Every line of the listing below from the one with "Кол-во полок из" up to and including the one with "Chic ribbed knit" should be retyped exactly, and nothing else; pictures are not part of the copy.

● Provided entries:
%%

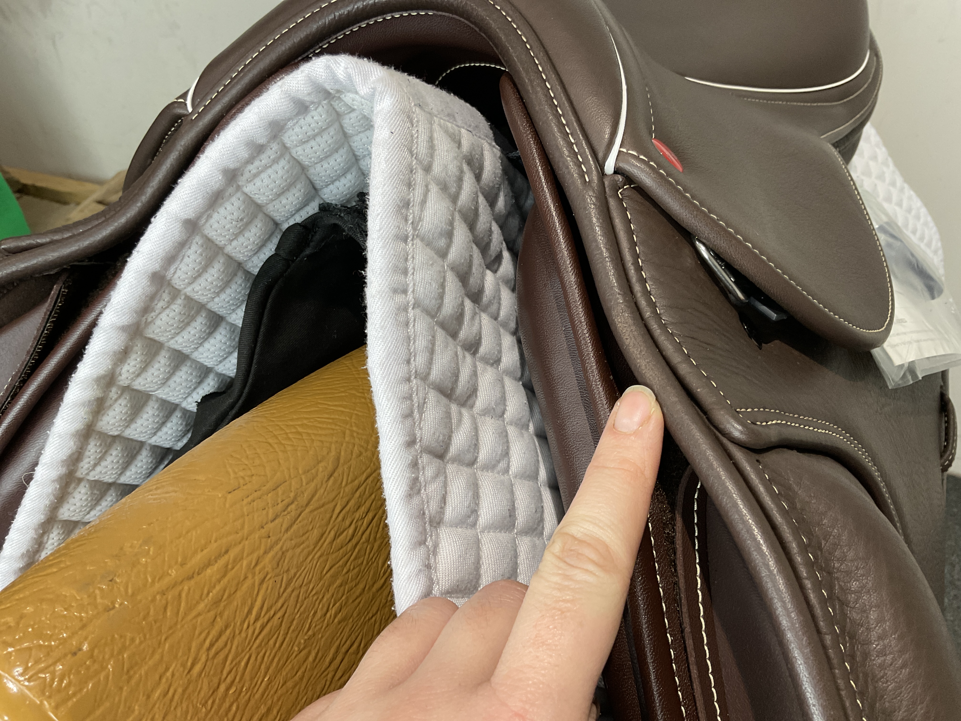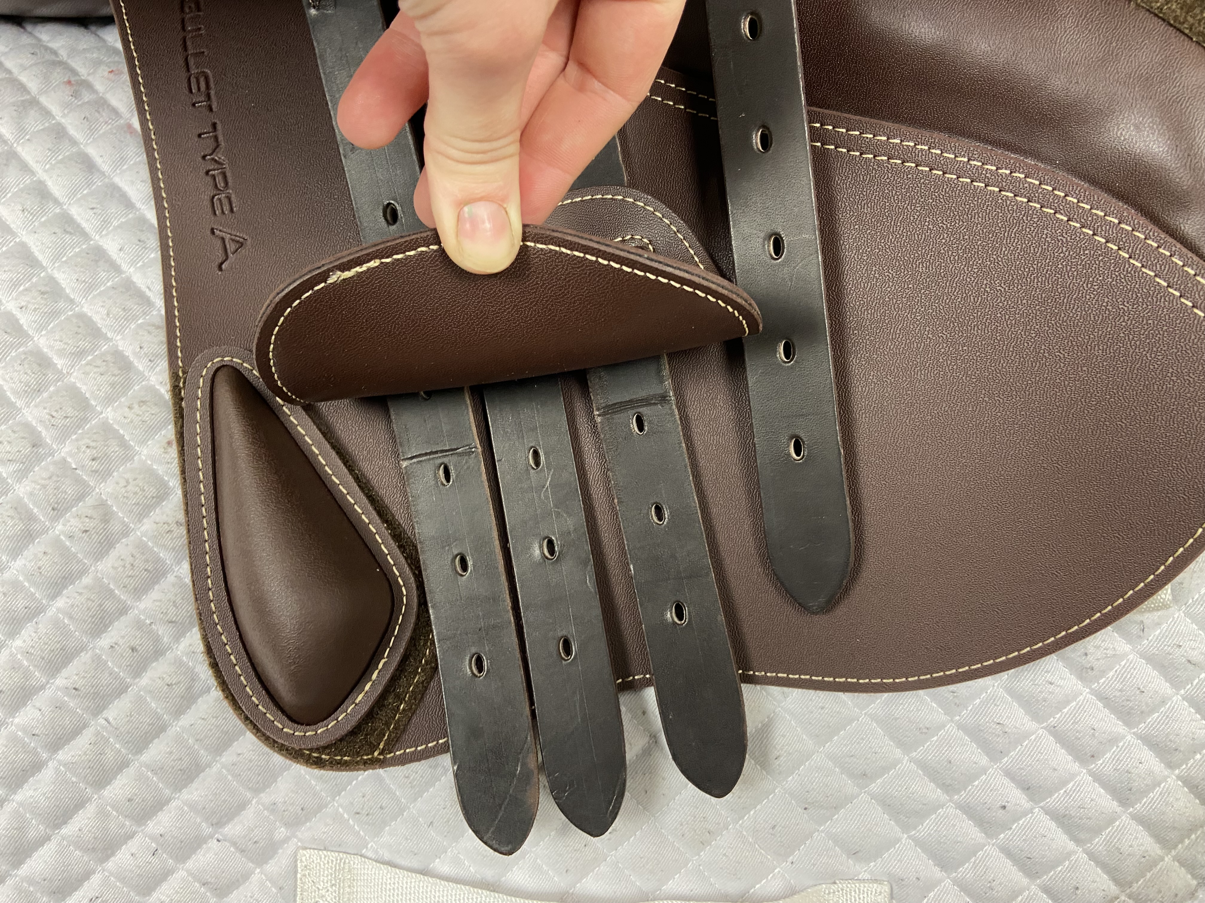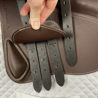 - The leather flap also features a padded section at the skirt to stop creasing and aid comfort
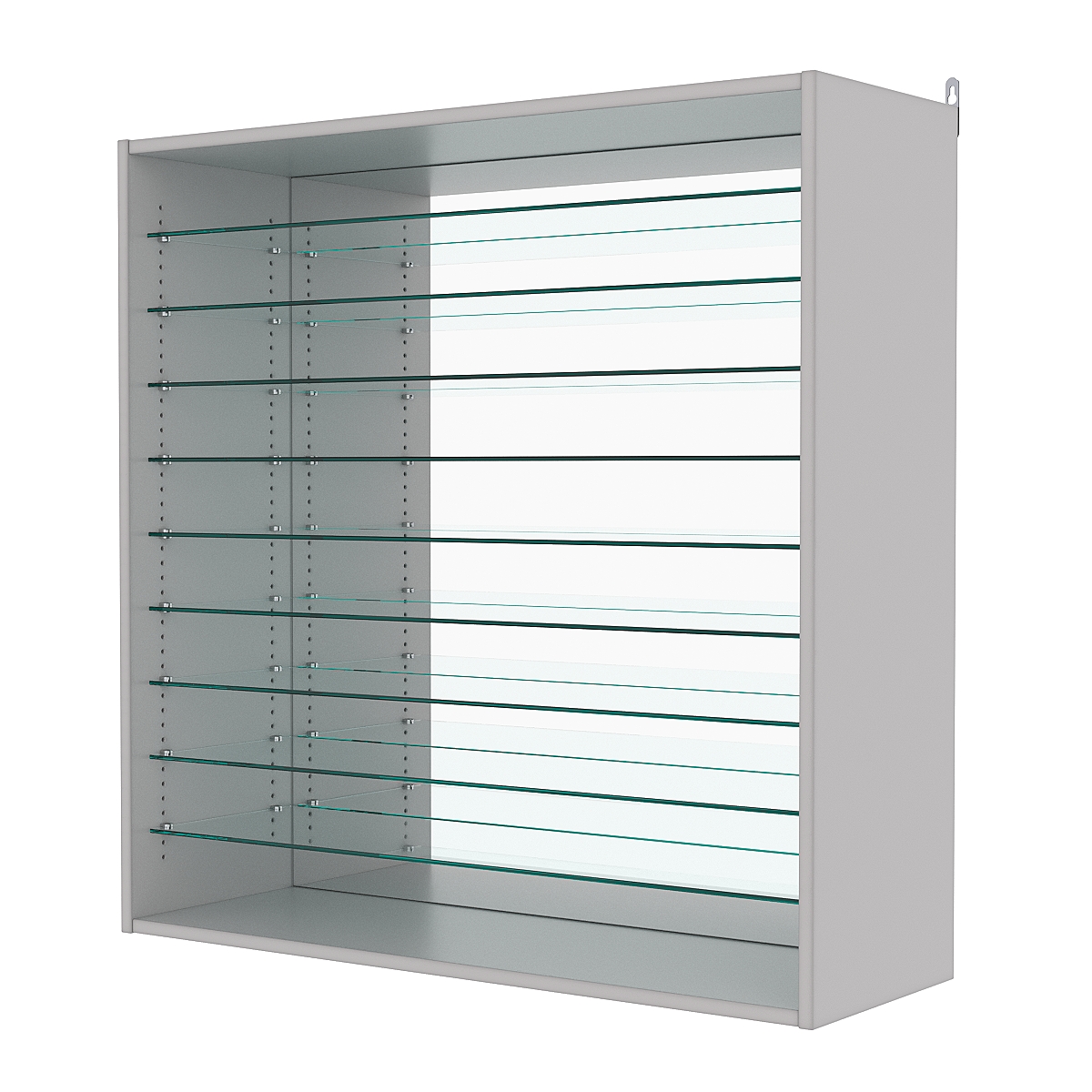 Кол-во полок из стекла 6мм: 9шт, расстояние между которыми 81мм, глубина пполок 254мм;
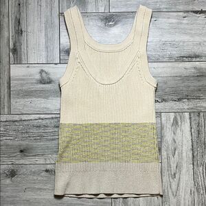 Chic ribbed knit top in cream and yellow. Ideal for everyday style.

%%
%%

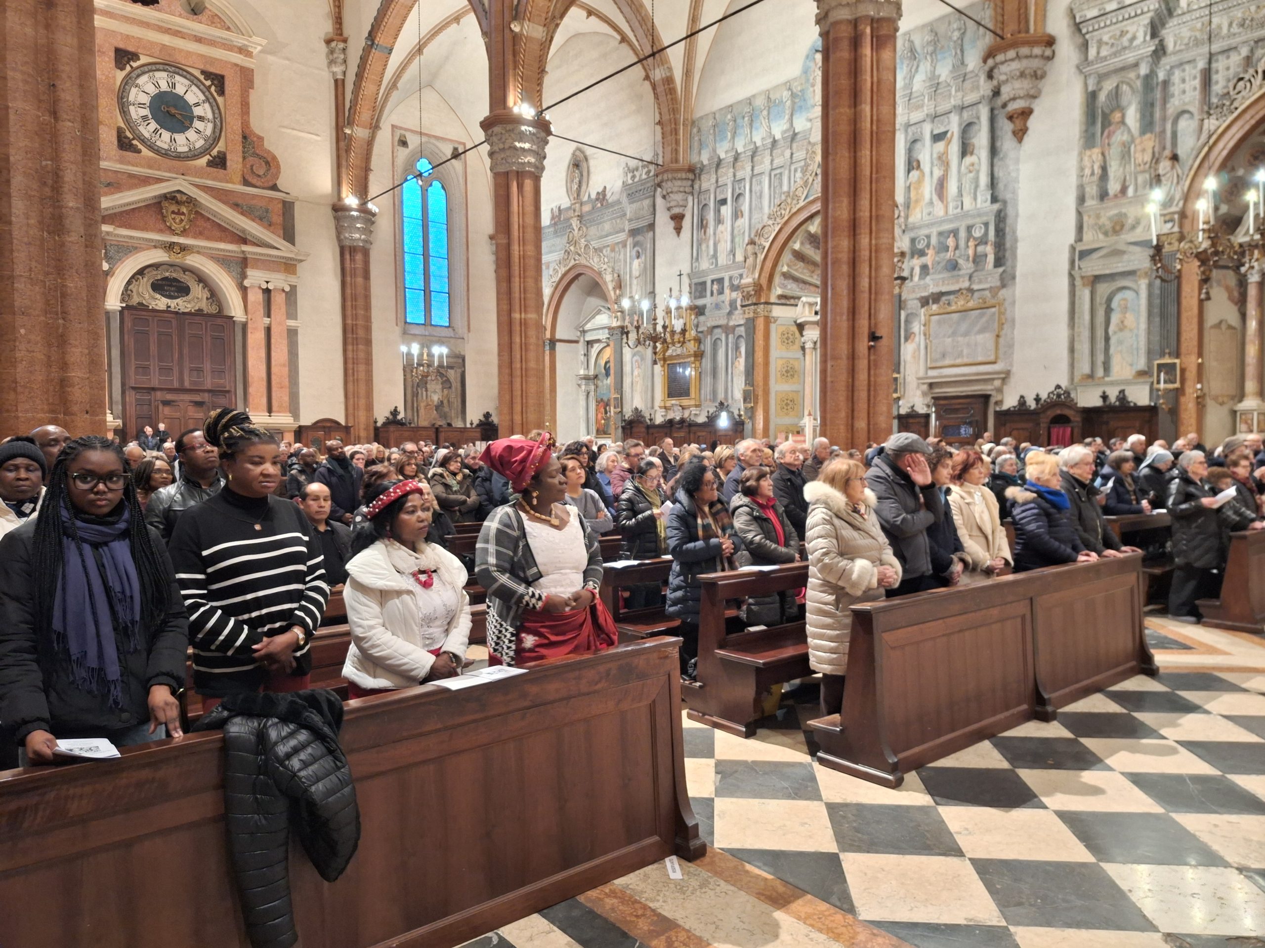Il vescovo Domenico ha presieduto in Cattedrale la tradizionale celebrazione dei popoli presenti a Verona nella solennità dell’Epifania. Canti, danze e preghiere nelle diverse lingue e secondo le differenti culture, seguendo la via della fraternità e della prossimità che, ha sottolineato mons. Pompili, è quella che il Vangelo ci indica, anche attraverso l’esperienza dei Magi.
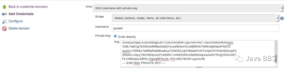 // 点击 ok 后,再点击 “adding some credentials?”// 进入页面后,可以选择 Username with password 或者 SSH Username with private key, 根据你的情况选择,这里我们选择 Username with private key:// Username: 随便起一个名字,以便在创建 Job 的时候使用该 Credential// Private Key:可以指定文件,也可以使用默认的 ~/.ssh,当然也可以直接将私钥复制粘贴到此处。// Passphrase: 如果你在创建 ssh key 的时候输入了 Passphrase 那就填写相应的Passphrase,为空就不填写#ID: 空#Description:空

%%

● Expected answer:
 Кол-во полок из стекла 6мм: 9шт, расстояние между которыми 81мм, глубина пполок 254мм;
 Chic ribbed knit top in cream and yellow. Ideal for everyday style.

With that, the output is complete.